On Wednesday, the TREND of the market got into sync.
Allow me to explain.
In the first half of the day, the NAZ was deep crimson and the SPX slightly red while the DJIA was up around 200 points. IWM was slightly positive.
After the Fed minutes hit, everything accelerated to the downside with the DJIA leaving a Key Reversal Day from an ATH.
Tuesday was the tipoff to Wednesday’s massacre. The FOF front run trade — Friends of the Fed in the loop.
Be that as it may, apparently the market was surprised that the Fed is serious about raising rates.
As we offered in a report recently, Whatever Happened to Don't Fight the Fed, the Fed warned about excess speculation several times throughout 1929. When the market didn’t listen, the Fed hiked rates.
The likelihood is that when the market finally dropped, they were not going to consider loosening for fear of starting another bubble.
With buy the dip the mantra for the last 13 years — perpetuated by Fed largesse — and Powell in his legacy second term, I don’t think we’re going to see a Powell Pivot unless and until the market is meaningfully lower.
The Fed is afraid of the market again (as in 1929) and the market — as shown yesterday — is afraid of the Fed.
The Technicals: if the SPX ends the week at/near or below current levels, we’ll have a Key Reversal on the weeklies.
Down 93 points on the session, the SPX came to rest on the key 4700 line.
4700-4710 is the triple top breakout pivot, below which mirrors the false Rule of 4 Breakout on IWM in early November.
That breakout lasted all of 1 week and when it caved below the pivot, it dropped from 233 to 209 — leaving an outside down MONTH in its wake before a bounce played out.
Fast moves come from false moves. We should not be surprised if the SPX were to show a similar dramatic drop.
If the SPX were to leave an outside down month in January (echoing what IWM did following its false breakout), it would have to trade below the December 4495 low, obviously.
Trade in January below the December low triggers the January Indicator, which has a good record of calling for a down year.
An early tell on this indicator is the January 5 Day Rule.
This occurs if the first 5 days of January sees trade below the close of December 31.
The SPX closed at 4766.18 on Dec 31.
There is a strong likelihood the 1st five trading days will see a close below 4766.18.
The Maginot Line for the SPX is the 4620 region.
A trendline connecting the October and December lows ties to 4600.
As well, a trendline connecting the October 2020 low (that’s 15 months ago and the low of the first correction after the run up off the March 2020 crash low) with the October 2021 low also comes in at the 2620 region.

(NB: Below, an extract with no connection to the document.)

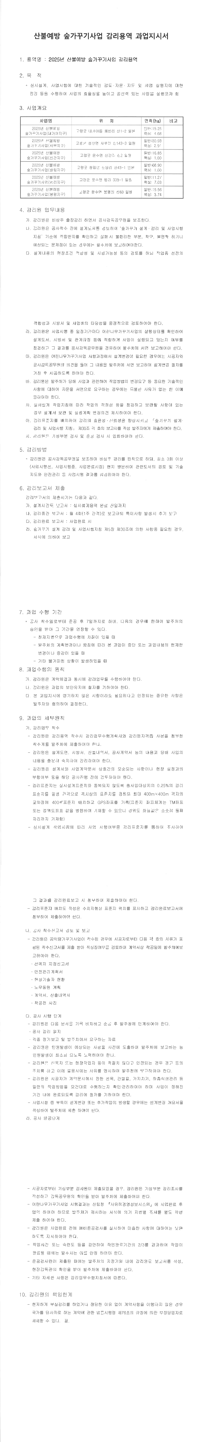 2025년 산불예방숲가꾸기사업(사부지구)감리용역 |

The take away is that breakage below 4620 opens the door to a push below the December 4495 low.
It is interesting that on my Square of 9 Time & Price Calculator (pictured below), 360 degrees down from the SPX ATH of 4808 gives 4533. It would only take a little slippage to see the SPX fully satisfy a drop below the December low here in January.
180 degrees down from 4808 is 4669.
Breakage below 4669 indicates a drop to the 4500 region is likely on the table.
As you recall, we flagged 479-480 SPY as an important square-out and the SPY is sporting a Key Reversal Week if it goes out like this tomorrow — so caution is warranted as to a waterfall decline in January in keeping with my call that “the market would get hit hard in January.”
To recap, 479-480 is 180 degrees straight across and opposite the key November 22 primary high—a Key Reversal Day.
One of the most important trading rules is to see what you believe… until proven otherwise.
The indices took so long to react to the carnage in high flying/high multiple growth glamours that it is easy to conclude that rotation into other names a la IBM and banks and cyclicals will support the market until the techs get fully flushed out and then they will be buys and join in and the bull market will continue merrily higher.
However, yesterday was a clarion call that there is no place to run and no place to hide when Mr. Bear comes calling.
In other words, there are no safe havens when the bear comes out of hibernation.
MSFT warned with the Test of a Test pattern flagged in this space a few days ago and has become a source of funds.
Above I mention the November 22 primary high.
Over the last month I have warned of the Gann Panic Cycle, which hits 49-55 days following an important peak.
The crashes in both 1929 and 1987 hit hard around the 49th day from the ATH, with the crash climax around 55 to 56 days after the top.
The final pivot high prior to the rollover comes around the 40th day in this Gann Panic Cycle.
December 31/January 1 is 40 calendar days from November 22.
The panic window is open until around mid-January.
If history is any guide (and it is), there is a strong setup for a drop to 4500ish by mid-January.